ほとんど相手に背中を向けた極端なクローズドスタンスから放たれるサーブは強力で、特にアドバンテージコートから左利き特有のバックハンド・サイドに切れていくスライスサーブは、両手打ちバックハンドの為に比較的リーチの狭かったライバル・ビョルン・ボルグとの対戦時は大きな武器となった。またボルグとは対照的に、ガットをぎりぎりまで緩く張ったラケットから絶妙なタッチで繰り出されるボレーは変幻自在で、野獣(Animal)・コナーズ、氷の男(Ice Borg : Iceberg(氷山)の変形)・ボルグに対して、芸術家(Artist)・マッケンローなどと評された。

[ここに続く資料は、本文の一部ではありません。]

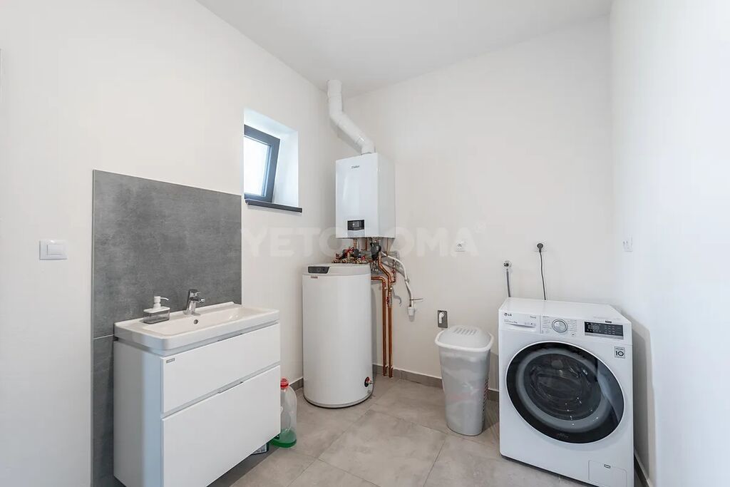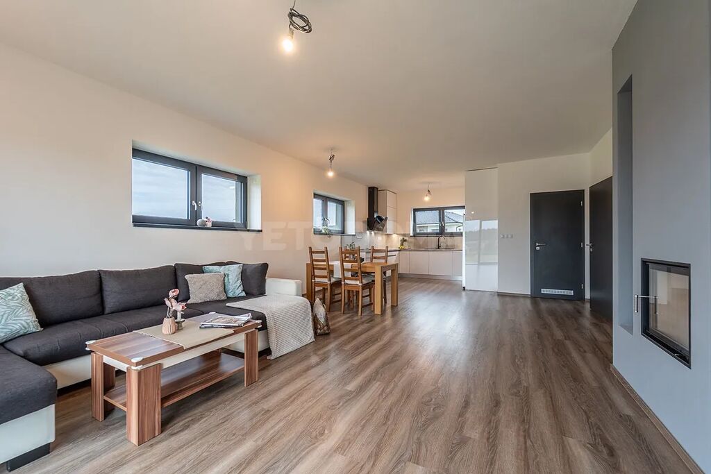 • Vytápění: Podlahové topení, plynový kotel, garáž vytápěná radiátory
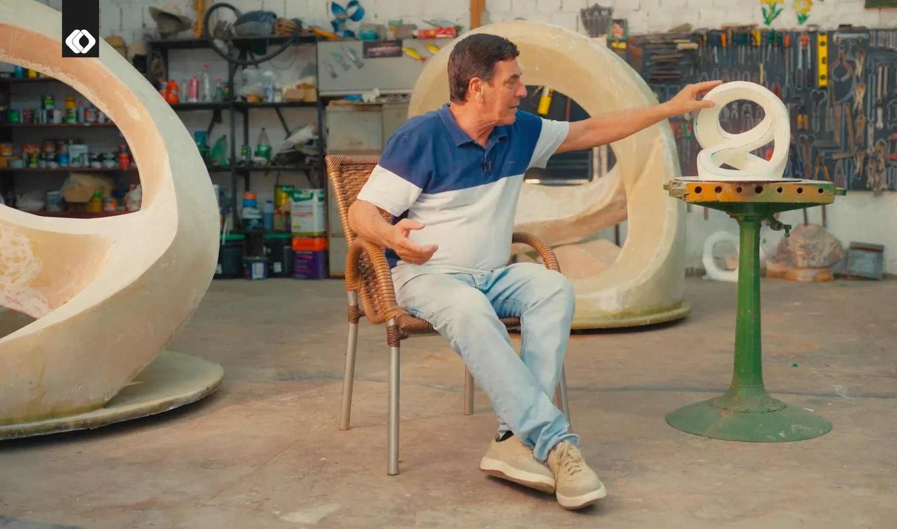 Frede se inspirou no abstrato — estilo que domina com paixão — para traduzir o conceito do Vernissage em formas fluídas e imponentes. O resultado é uma obra única, feita para durar, encantar e dialogar com a arquitetura do projeto e com a cidade.
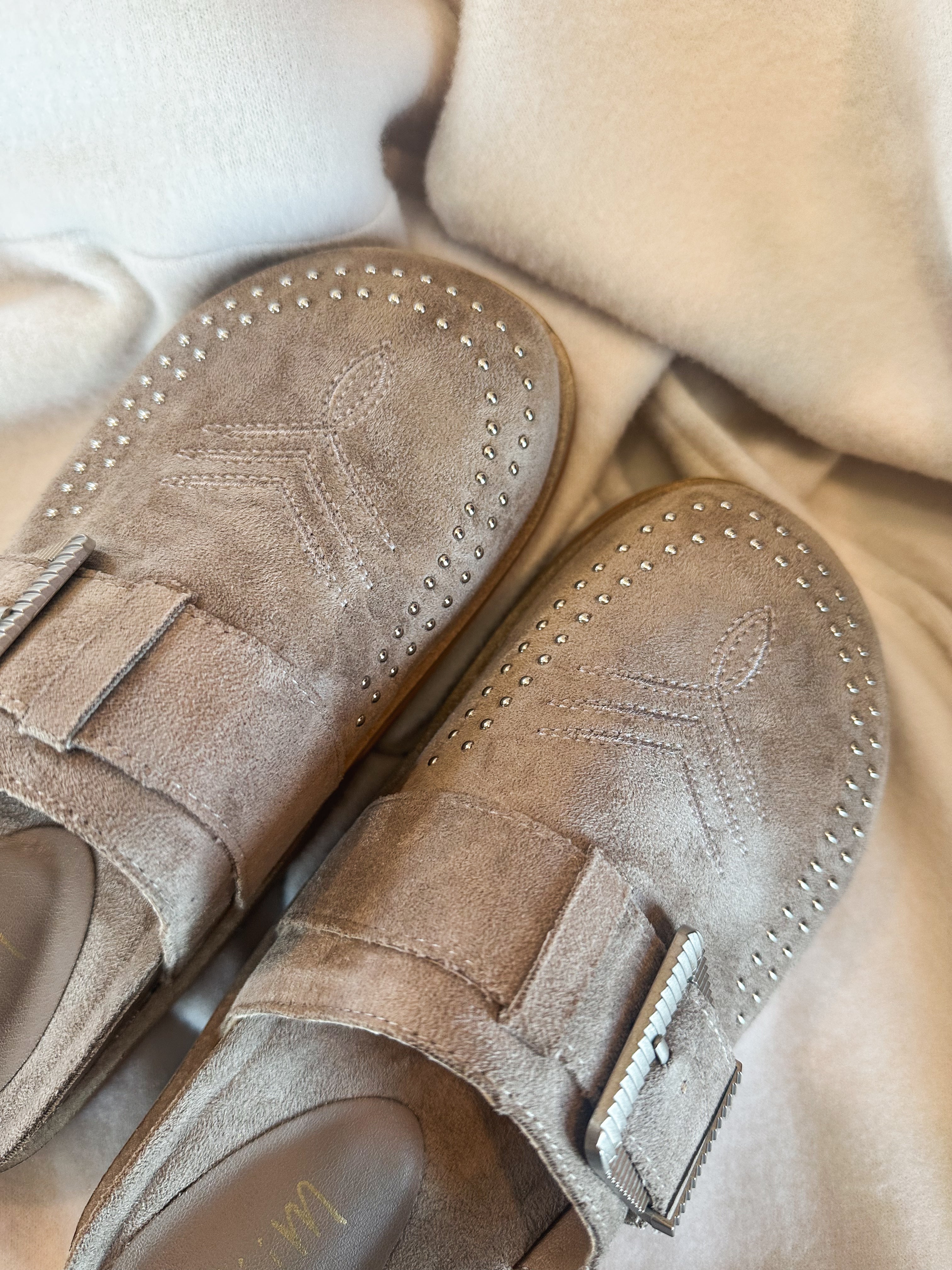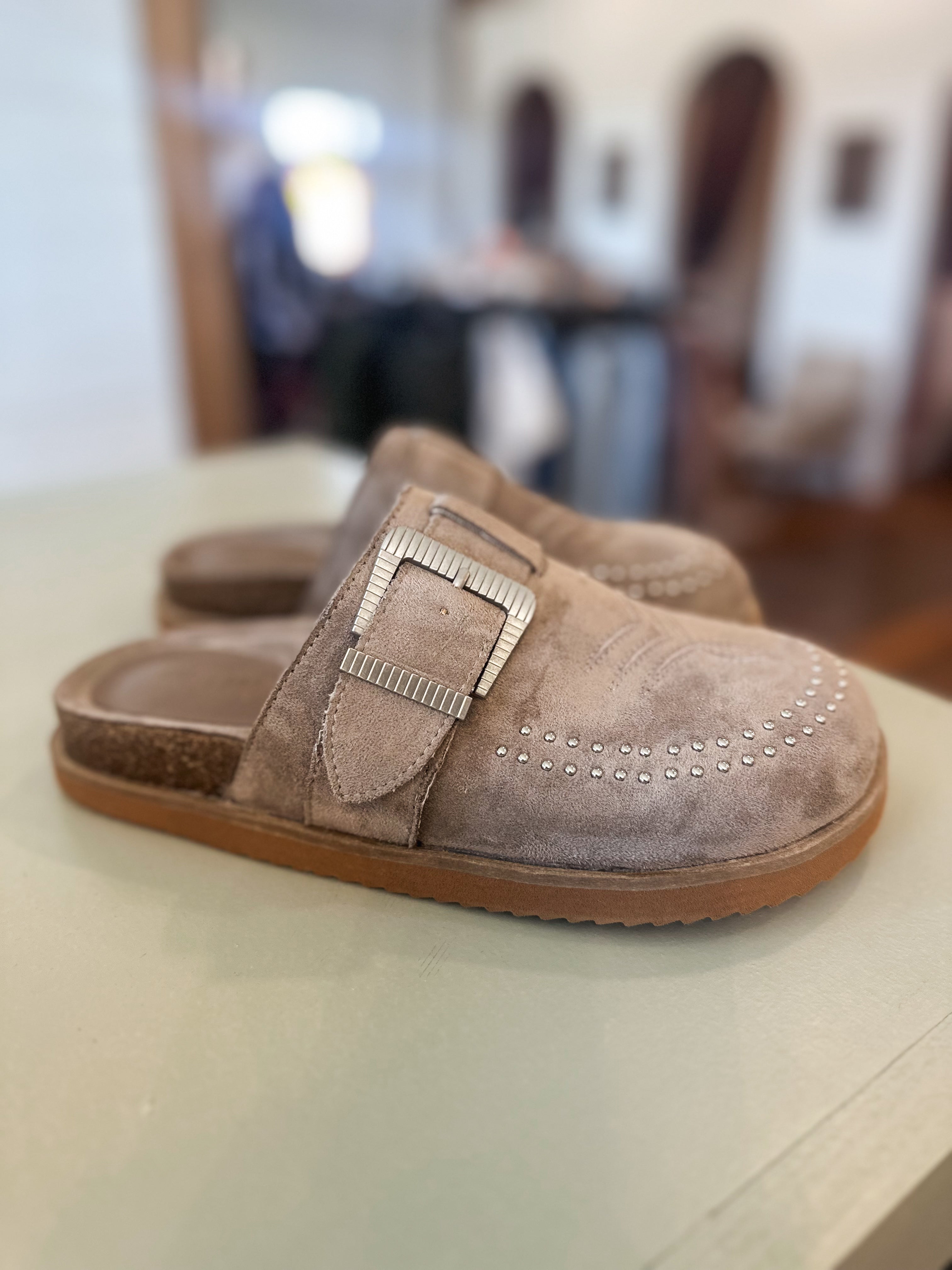 Josephine Clogs offer effortless style with their neutral grey hue and studded detailing. Designed for easy slip-on wear, these clogs combine casual comfort with a subtle edge, perfect for everyday outings. Whether you're running errands or meeting friends, they add a laid-back yet chic touch to any outfit.
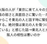 大阪の人が「東京に来て人々の主張の弱さと真面目さに驚いた…だからこそ東北の人と話す時に緊張する。絶対僕は東北の人を傷つけている」と感じた話→東北人と大阪人の相性は悪いのか
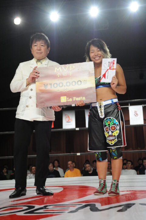 激闘の続く無差別級次期挑戦者決定変則トーナメント、Bブロックの3試合は何とMission K4が3タテでラストウーマン進出! 切れ味抜群のアキアンプロイダーでAKINOがAlex Leeから勝利を収めれば、加藤園子は執念の粘りを見せる希月あおいを必殺のクーロンズゲートで3カウント! そして小林香萌はこの日のための新必殺技・120%トルティージャ(コルパタからの120%スクールボーイ)で倉垣翼から大金星を挙げました!

プレースタイル的にはネットプレーヤーであるが、ストロークも決して苦手ではなく、全盛期は各時代・最強のストローカーであるコナーズ、ボルグ、レンドルを、ストロークの打合いで翻弄することも多かった為、オールラウンダーと評される場合もある。
彼のストロークの特徴をあらわすキーワードはライジングで、人によっては 『マッケンローのストロークはハーフボレーの延長だ』 などと評するほど、フォア、バック共に、ほとんどのストロークをバウンドの上がり際(=ライジング)で処理した。これは70年代末期、ボルグの高く跳ね上がるトップスピンに対して、多くのネットプレーヤーがベースライン後方に押し下げられ、ネットプレーを封じられていたことに対抗する為、生まれたと思われる。
ベースラインから下がらずに高い打点で処理することで、より早いタイミングで、しかも角度を付けて返球することが容易となる為、結果的に速い展開で相手を振り回すことが可能となる。相手からすると 「ボール自体は速くないのに、すぐボールが返ってくる」「強打しても軽くかわされ、ちょっとでもストロークが浅くなると左右に振り回されて、気が付くとネットに出てきてボレーを決められる」 という状態になる。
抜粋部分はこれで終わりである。